From the first line of the entries below through the line bearing "25 - HEREND", write out each line exactly. Omit pictures.

=-=-=-=-=

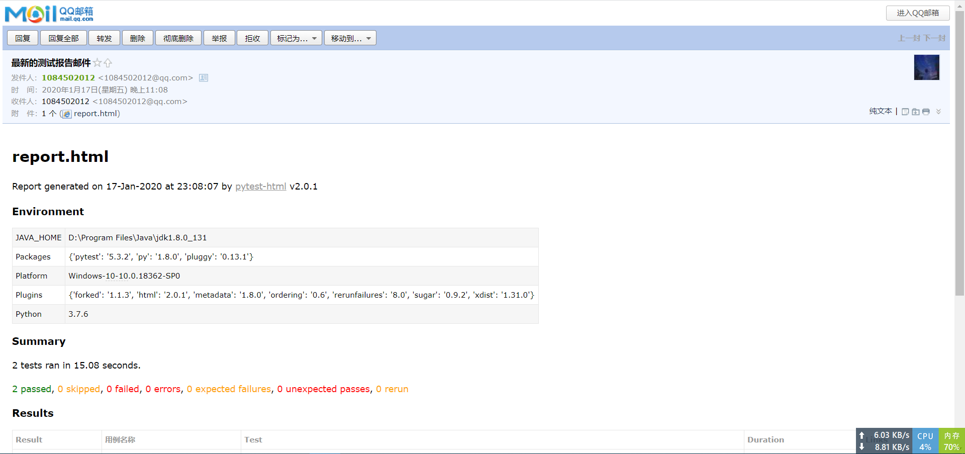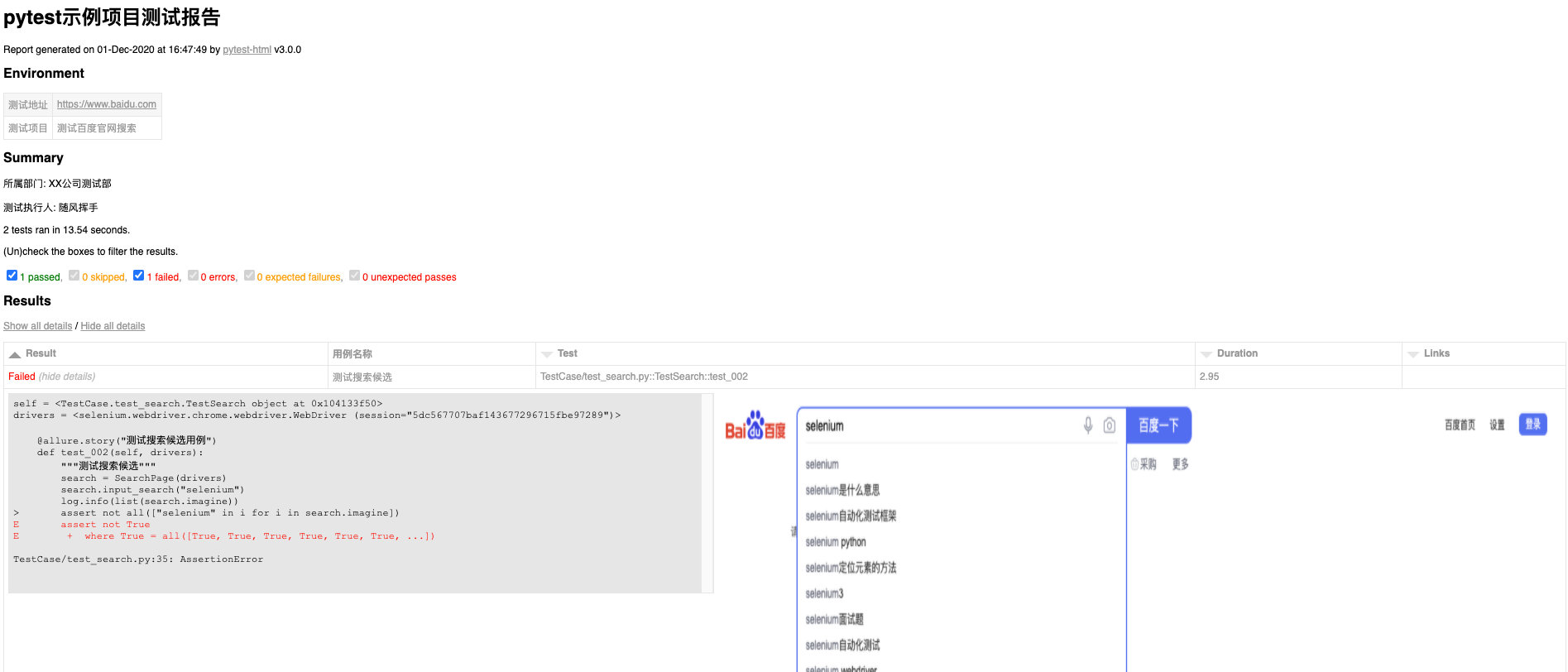 再来看看pytest-html中生成的报告:
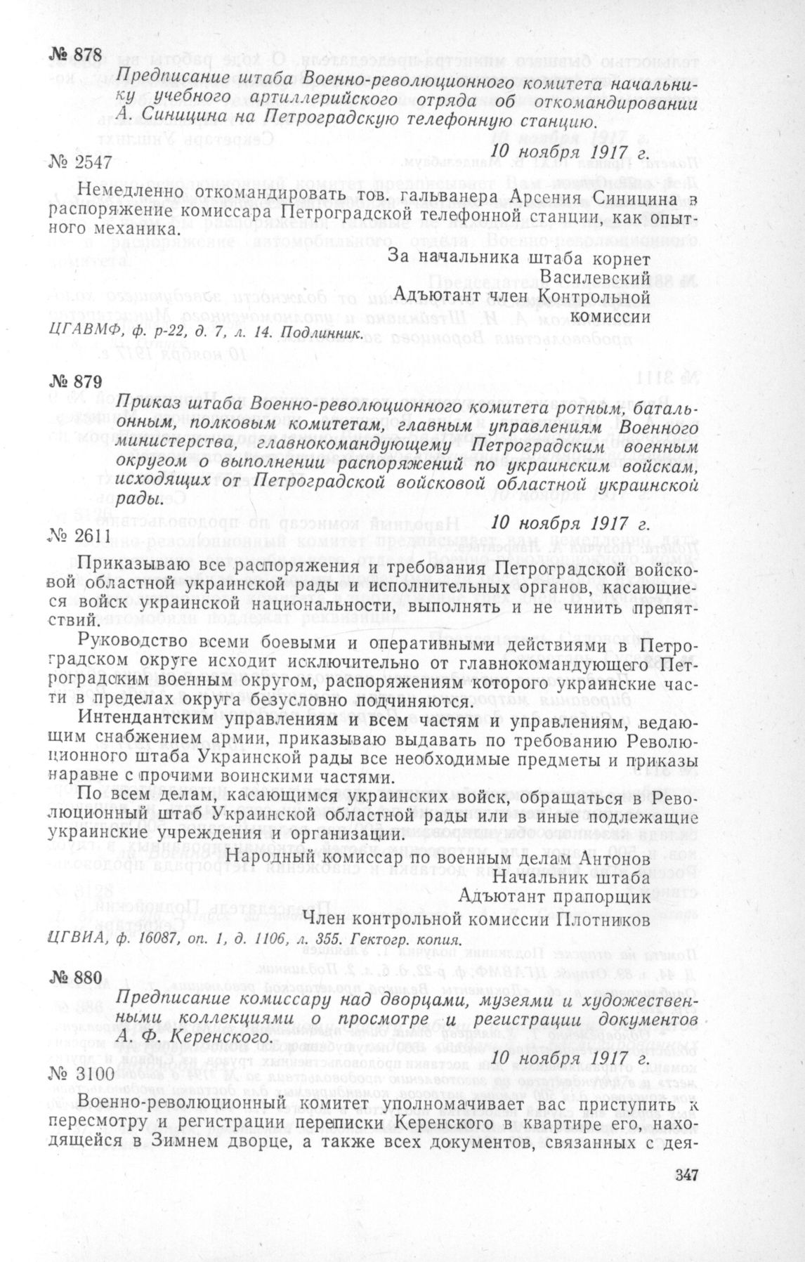 Предписание штаба Военно-революционного комитета начальнику учебного артиллерийского отряда об откомандировании А. Синицина на Петроградскую телефонную станцию. 10 ноября 1917 г. // ЦГАВМФ, ф. р-22, д. 7, л. 14. Подлинник.
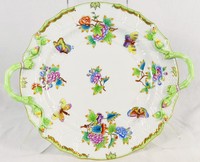 25 - HEREND QUEEN VICTORIA PORCELAIN SERVING PLATTER Herend porcelain round serving platter with handles in the Queen Victoria (Green Border) pattern. Marked to underside. Measures 14 1/2" length.
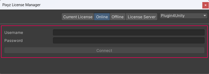 3. Enter your PiXYZ account login details. The field labeled Username is actually expecting the e-mail address associated with your PiXYZ account. Click Connect.
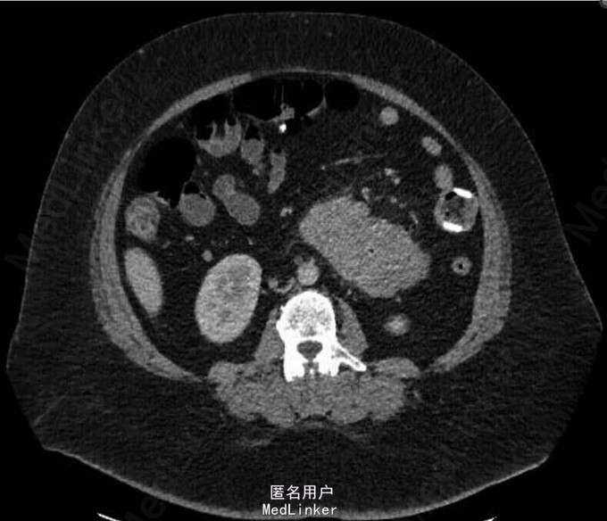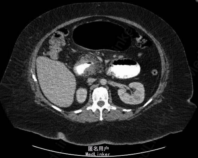 患者46岁女性,因“厌食、上腹部疼痛,伴有发热以及呕吐”入院。呕吐物为胆汁。她5年前曾因140kg行可调节胃束带减肥手术,但术后体重仍然在130kg波动。目前体重是131kg。余病史无特殊。

=-=-=-=-=

▶ Response to this task
 再来看看pytest-html中生成的报告:
 Предписание штаба Военно-революционного комитета начальнику учебного артиллерийского отряда об откомандировании А. Синицина на Петроградскую телефонную станцию. 10 ноября 1917 г. // ЦГАВМФ, ф. р-22, д. 7, л. 14. Подлинник.
 25 - HEREND QUEEN VICTORIA PORCELAIN SERVING PLATTER Herend porcelain round serving platter with handles in the Queen Victoria (Green Border) pattern. Marked to underside. Measures 14 1/2" length.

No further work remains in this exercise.